Personalized computational simulations of the heart could open up new improved approaches to diagnosis and surgery assistance systems. While it is fully recognized that myocardial fiber orientation is central for the construction of realistic computational models of cardiac electromechanics, the role of its overall architecture and connectivity remains unclear. Morphological studies show that the distribution of cardiac muscular fibers at the basal ring connects epicardium and endocardium. However, computational models simplify their distribution and disregard the basal loop. This work explores the influence in computational simulations of fiber distribution at different short-axis cuts.

Methods

We have used a highly parallelized computational solver to test different fiber models of ventricular muscular connectivity. We have considered two rule-based mathematical models and an own-designed method preserving basal connectivity as observed in experimental data.

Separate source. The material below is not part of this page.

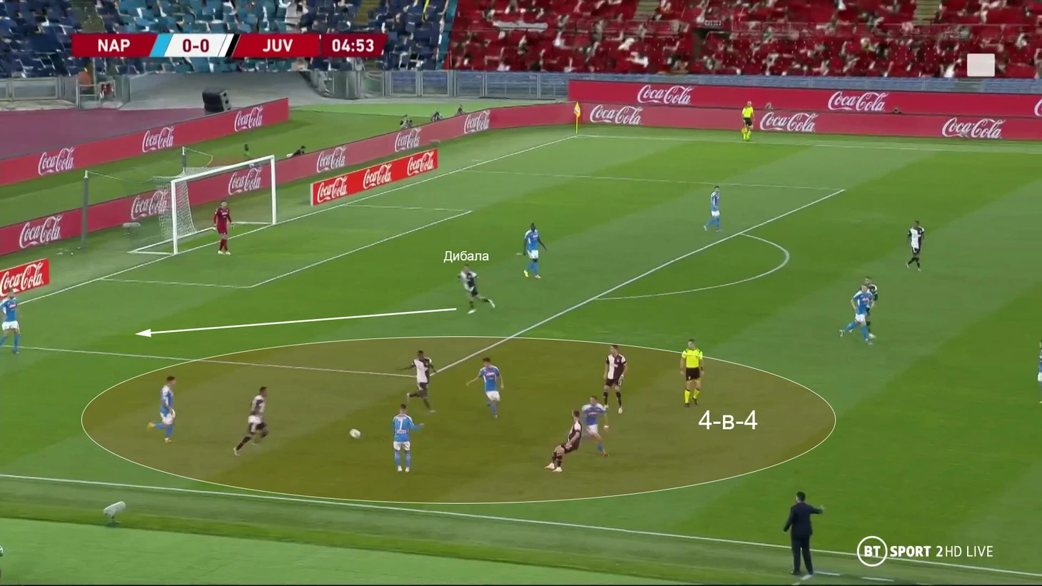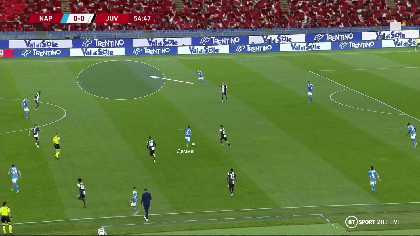 В контексте конкретного матча это давало «Наполи» значимые преимущества. «Юве» становился более предсказуемым и не мог растянуть соперника. Расположение крайних защитников даже намекало «Наполи», куда «Юве» собирается направить атаку.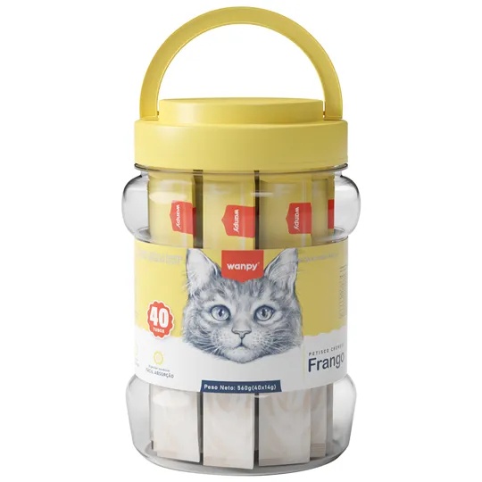 | Petisco Gatos Wanpy Creamy Frango Pote 40Un este produto | R$ 142,38 | 20% | 5.0/5 | — |

Simulated cardiac functional scores (rotation, torsion and longitudinal shortening) were compared to experimental healthy ranges using generalized models (rotation) and Mahalanobis distances (shortening, torsion).

Results

The probability of rotation was significantly lower for ruled-based models [95% CI (0.13, 0.20)] in comparison with experimental data [95% CI (0.23, 0.31)]. The Mahalanobis distance for experimental data was in the edge of the region enclosing 99% of the healthy population.

Conclusions

Cardiac electromechanical simulations of the heart with fibers extracted from experimental data produce functional scores closer to healthy ranges than rule-based models disregarding architecture connectivity.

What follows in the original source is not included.